Data excerpt
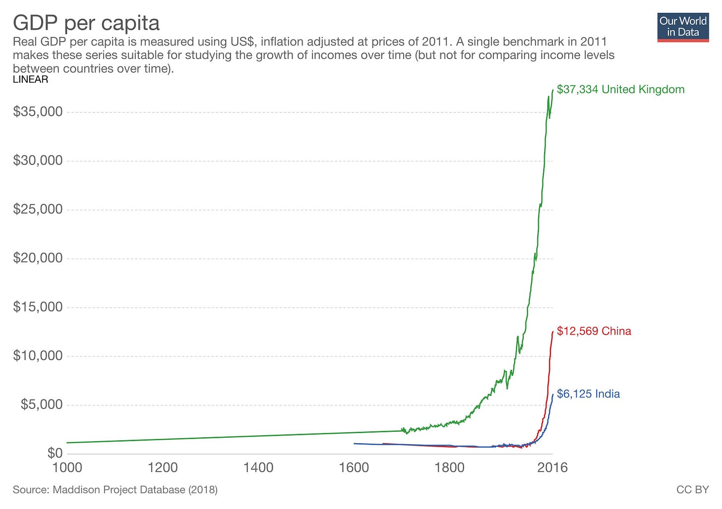 Ironically, though, he was writing at the very last moment of human history when that was plausibly true. Late 18th-century England was in the early steps of the economic takeoff known as the industrial revolution, which would spread to northwestern Europe and North America and then to the rest of Europe and to Asia over the next couple of centuries.
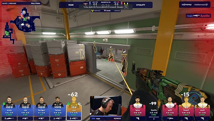 Ропза мгновенно затыкали Глоки. 4 в 4. Броки прибежал хелповать, но промазал и не стал далеко уходить. Это ключевой момент раунда. Латвиец зажался в угол, а его запушил Mezii, который резко выпрыгнул и забрал снайпера Faze. 4 в 3, плюс AWP у Vitality.
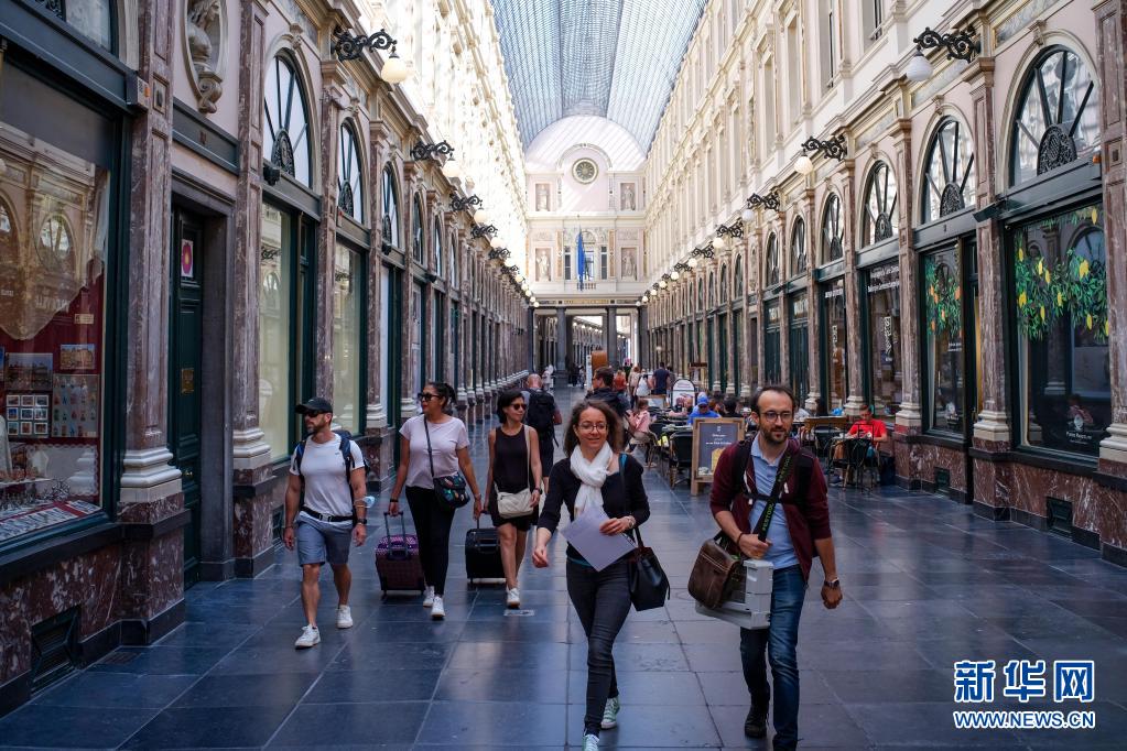 7月19日,游客在比利时布鲁塞尔圣于贝尔购物长廊游览。 比利时国家公共卫生研究所最新公布的新冠疫情数据显示,该国疫情近期有反弹趋势,过去14天日均新增确诊病例1134例,累计确诊已超过110万例。 新华社记者 张铖 摄
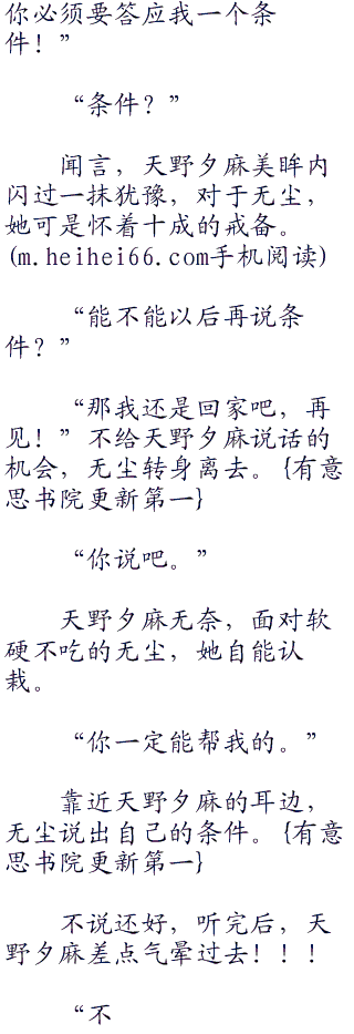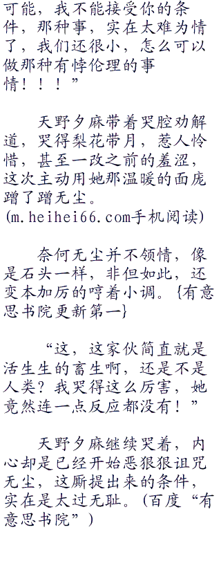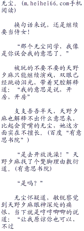 天野夕麻笑面如嫣,心里却是破口大骂,短短两天的时间,她快成为无尘的私有物,被以各种不同的方式压榨着。

Assignment
The expected response is every line of the material, written out exactly, with the images removed.

Exercise solution
 Ironically, though, he was writing at the very last moment of human history when that was plausibly true. Late 18th-century England was in the early steps of the economic takeoff known as the industrial revolution, which would spread to northwestern Europe and North America and then to the rest of Europe and to Asia over the next couple of centuries.
 Ропза мгновенно затыкали Глоки. 4 в 4. Броки прибежал хелповать, но промазал и не стал далеко уходить. Это ключевой момент раунда. Латвиец зажался в угол, а его запушил Mezii, который резко выпрыгнул и забрал снайпера Faze. 4 в 3, плюс AWP у Vitality.
 7月19日,游客在比利时布鲁塞尔圣于贝尔购物长廊游览。 比利时国家公共卫生研究所最新公布的新冠疫情数据显示,该国疫情近期有反弹趋势,过去14天日均新增确诊病例1134例,累计确诊已超过110万例。 新华社记者 张铖 摄
 天野夕麻笑面如嫣,心里却是破口大骂,短短两天的时间,她快成为无尘的私有物,被以各种不同的方式压榨着。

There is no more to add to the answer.